**Action item**
If pictures appear in the lines below, skip them and copy exactly the lines from the one containing "The fire pit" through the one containing "Musicians from Xi’an", and nothing else.
==== Supplied entries ====
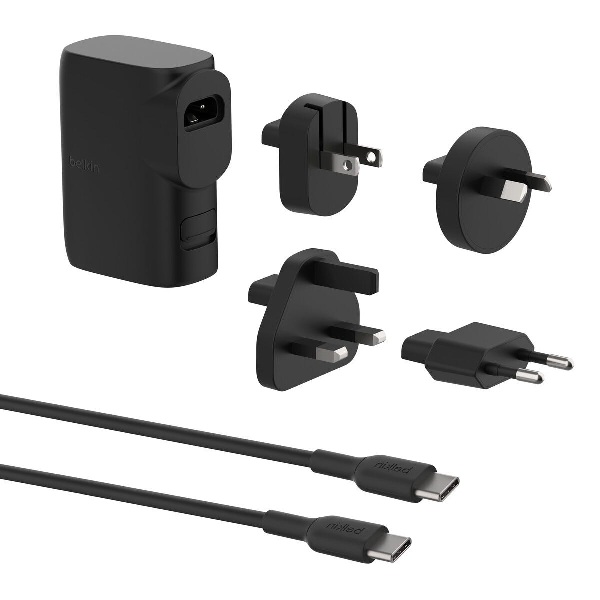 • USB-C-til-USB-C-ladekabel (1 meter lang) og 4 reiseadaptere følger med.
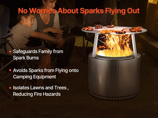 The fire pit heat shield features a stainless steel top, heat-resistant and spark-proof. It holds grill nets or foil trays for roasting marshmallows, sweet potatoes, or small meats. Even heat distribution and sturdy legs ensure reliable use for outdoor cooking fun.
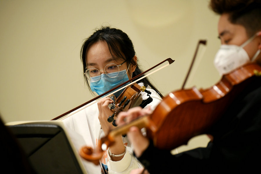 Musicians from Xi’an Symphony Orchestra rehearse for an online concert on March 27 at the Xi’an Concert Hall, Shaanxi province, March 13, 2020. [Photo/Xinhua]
====
==== Supplied entries ====
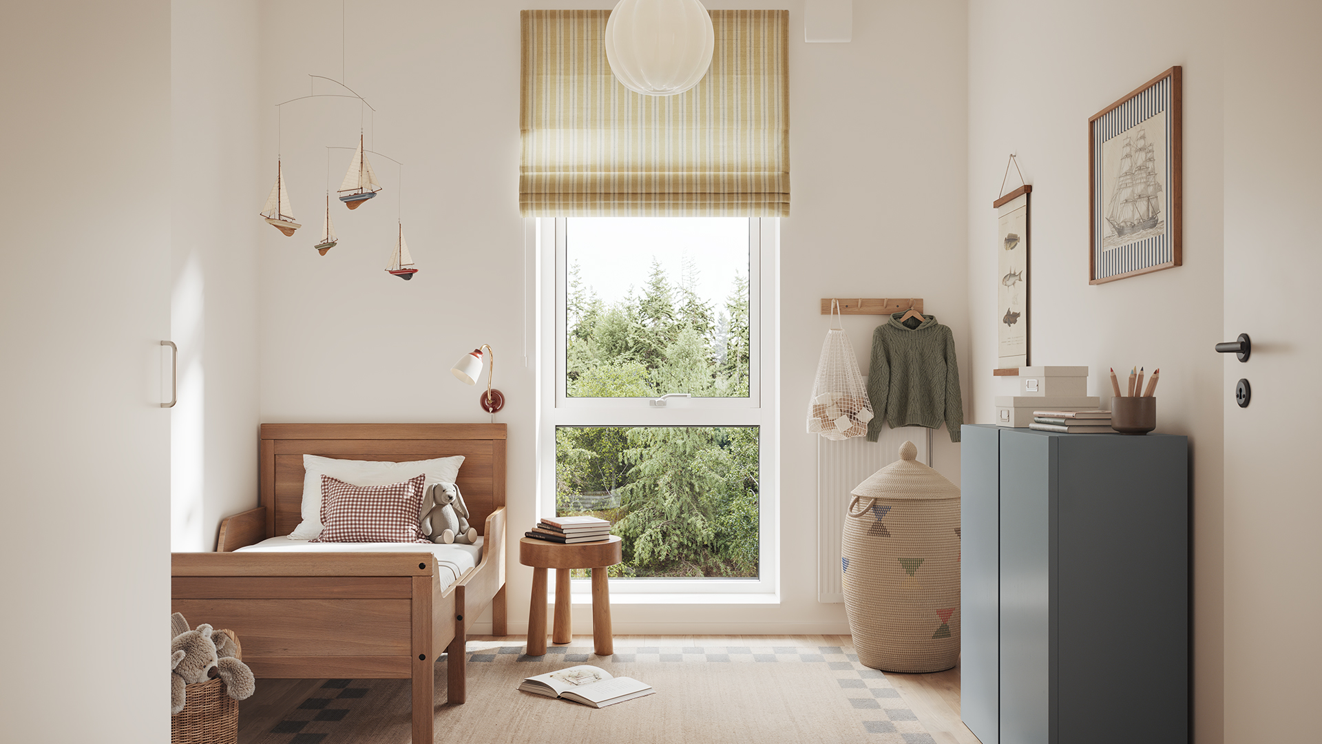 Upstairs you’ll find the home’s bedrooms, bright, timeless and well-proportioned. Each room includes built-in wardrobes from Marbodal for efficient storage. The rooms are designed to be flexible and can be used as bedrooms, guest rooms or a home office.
====
**Expected answer**
 The fire pit heat shield features a stainless steel top, heat-resistant and spark-proof. It holds grill nets or foil trays for roasting marshmallows, sweet potatoes, or small meats. Even heat distribution and sturdy legs ensure reliable use for outdoor cooking fun.
 Musicians from Xi’an Symphony Orchestra rehearse for an online concert on March 27 at the Xi’an Concert Hall, Shaanxi province, March 13, 2020. [Photo/Xinhua]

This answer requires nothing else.